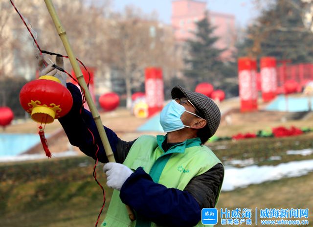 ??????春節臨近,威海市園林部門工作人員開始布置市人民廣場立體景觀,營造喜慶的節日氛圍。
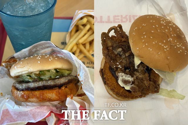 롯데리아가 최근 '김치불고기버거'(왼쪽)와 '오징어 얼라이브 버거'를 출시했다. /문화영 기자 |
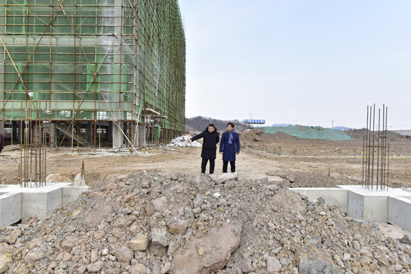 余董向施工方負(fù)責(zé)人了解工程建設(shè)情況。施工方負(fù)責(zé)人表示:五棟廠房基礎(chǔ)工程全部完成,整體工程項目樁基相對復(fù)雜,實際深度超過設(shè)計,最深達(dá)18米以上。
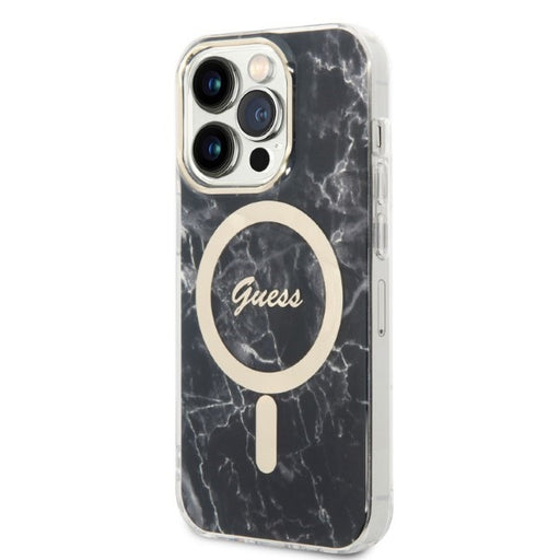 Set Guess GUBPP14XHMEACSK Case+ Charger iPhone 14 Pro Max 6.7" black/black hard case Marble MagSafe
* * *
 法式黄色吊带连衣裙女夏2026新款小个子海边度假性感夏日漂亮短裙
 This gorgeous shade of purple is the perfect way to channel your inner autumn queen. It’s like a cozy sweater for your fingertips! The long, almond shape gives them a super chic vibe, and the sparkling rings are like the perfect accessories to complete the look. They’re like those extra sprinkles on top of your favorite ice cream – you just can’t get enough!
---
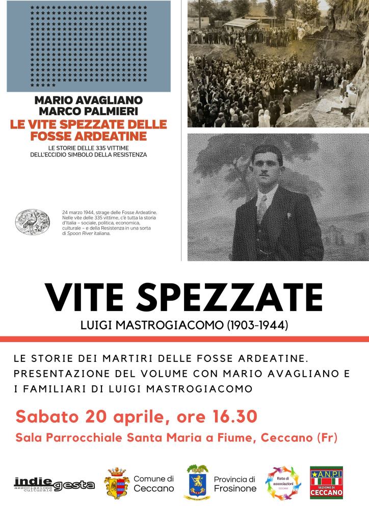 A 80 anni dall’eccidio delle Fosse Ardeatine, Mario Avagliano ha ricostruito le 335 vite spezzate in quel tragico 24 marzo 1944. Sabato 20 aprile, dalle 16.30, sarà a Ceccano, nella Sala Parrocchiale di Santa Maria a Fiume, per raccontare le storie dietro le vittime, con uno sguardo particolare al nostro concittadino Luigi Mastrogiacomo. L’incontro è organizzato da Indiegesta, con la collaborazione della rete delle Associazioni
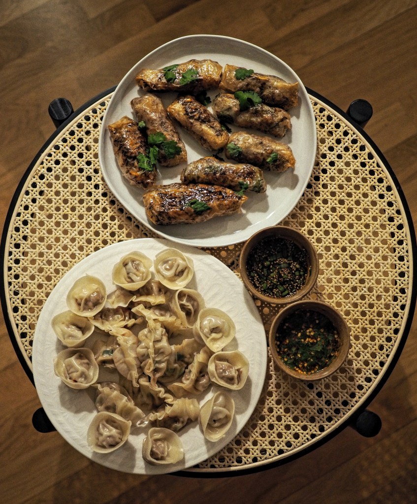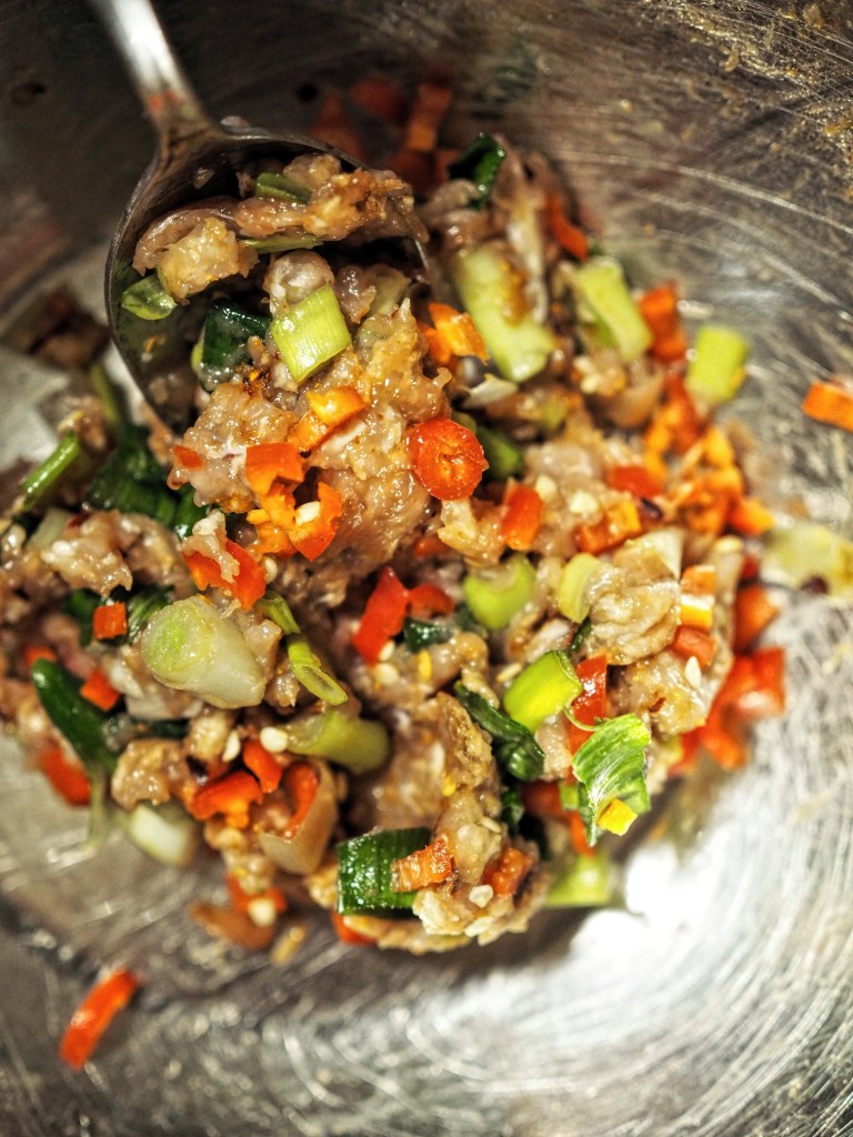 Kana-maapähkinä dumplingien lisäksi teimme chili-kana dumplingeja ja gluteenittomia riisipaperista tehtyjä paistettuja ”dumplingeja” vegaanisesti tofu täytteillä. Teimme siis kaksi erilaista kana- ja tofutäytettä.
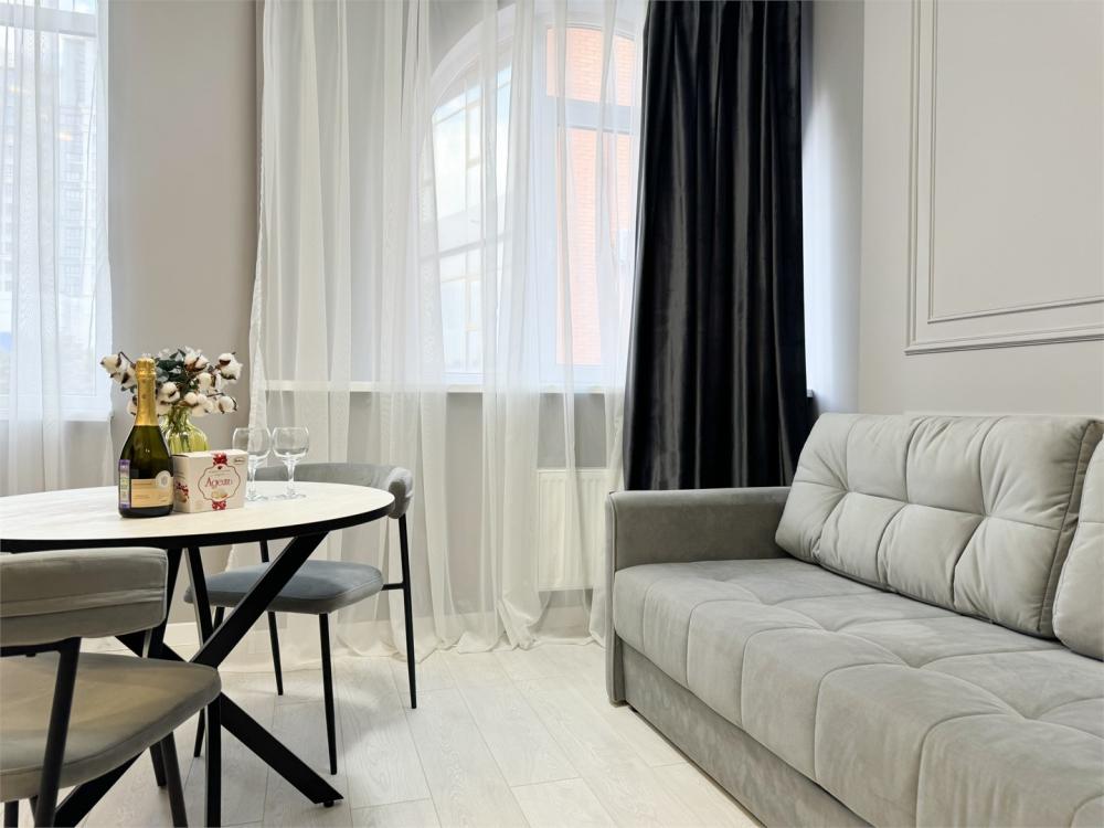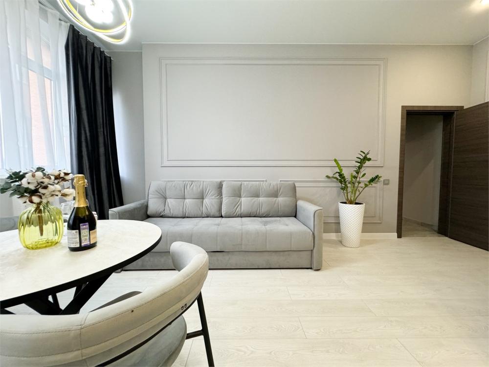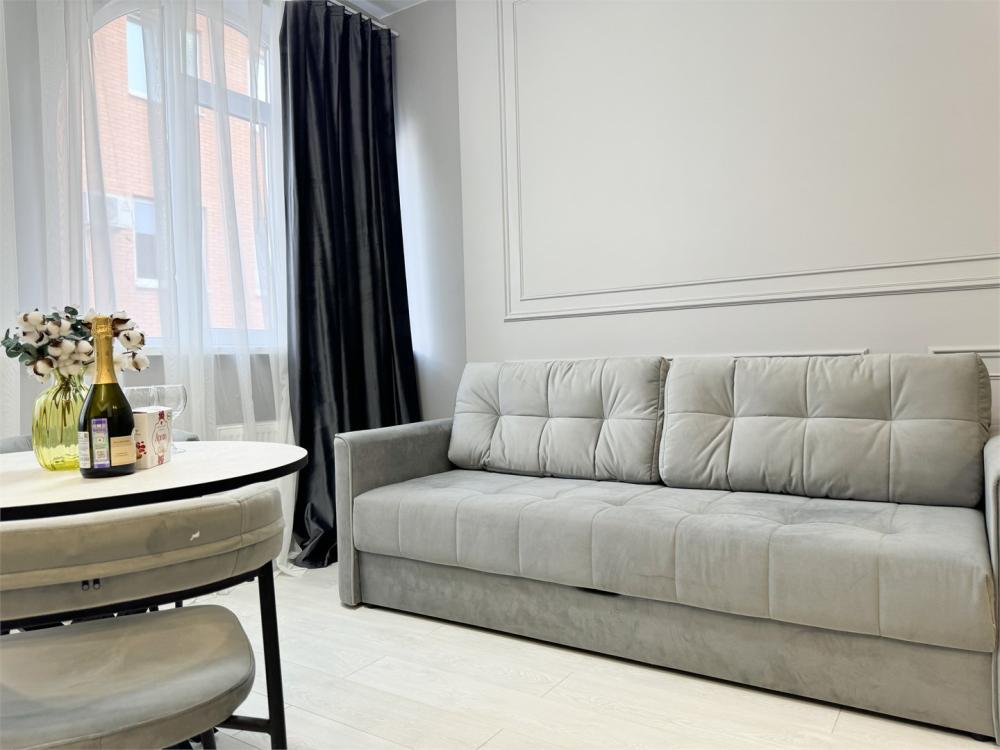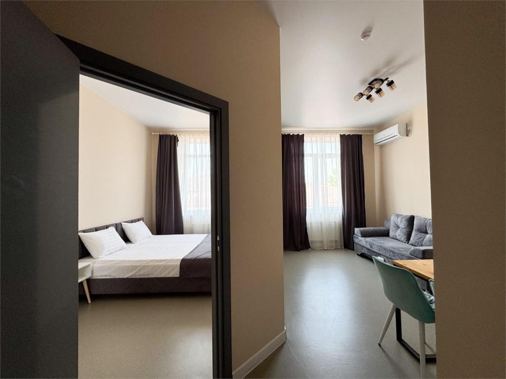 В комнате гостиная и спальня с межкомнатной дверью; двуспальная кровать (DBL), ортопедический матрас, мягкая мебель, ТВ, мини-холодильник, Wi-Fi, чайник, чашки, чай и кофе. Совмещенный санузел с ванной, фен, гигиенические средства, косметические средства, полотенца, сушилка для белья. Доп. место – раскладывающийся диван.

Exercise prompt ▸
Above, find the line with "롯데리아가 최근 '김치불고기버거'(왼쪽)와"; copy it and every line down to the line with "Set Guess GUBPP14XHMEACSK", exactly and both included, but no pictures.

Written solution ▸
 롯데리아가 최근 '김치불고기버거'(왼쪽)와 '오징어 얼라이브 버거'를 출시했다. /문화영 기자 |
 余董向施工方負(fù)責(zé)人了解工程建設(shè)情況。施工方負(fù)責(zé)人表示:五棟廠房基礎(chǔ)工程全部完成,整體工程項目樁基相對復(fù)雜,實際深度超過設(shè)計,最深達(dá)18米以上。
 Set Guess GUBPP14XHMEACSK Case+ Charger iPhone 14 Pro Max 6.7" black/black hard case Marble MagSafe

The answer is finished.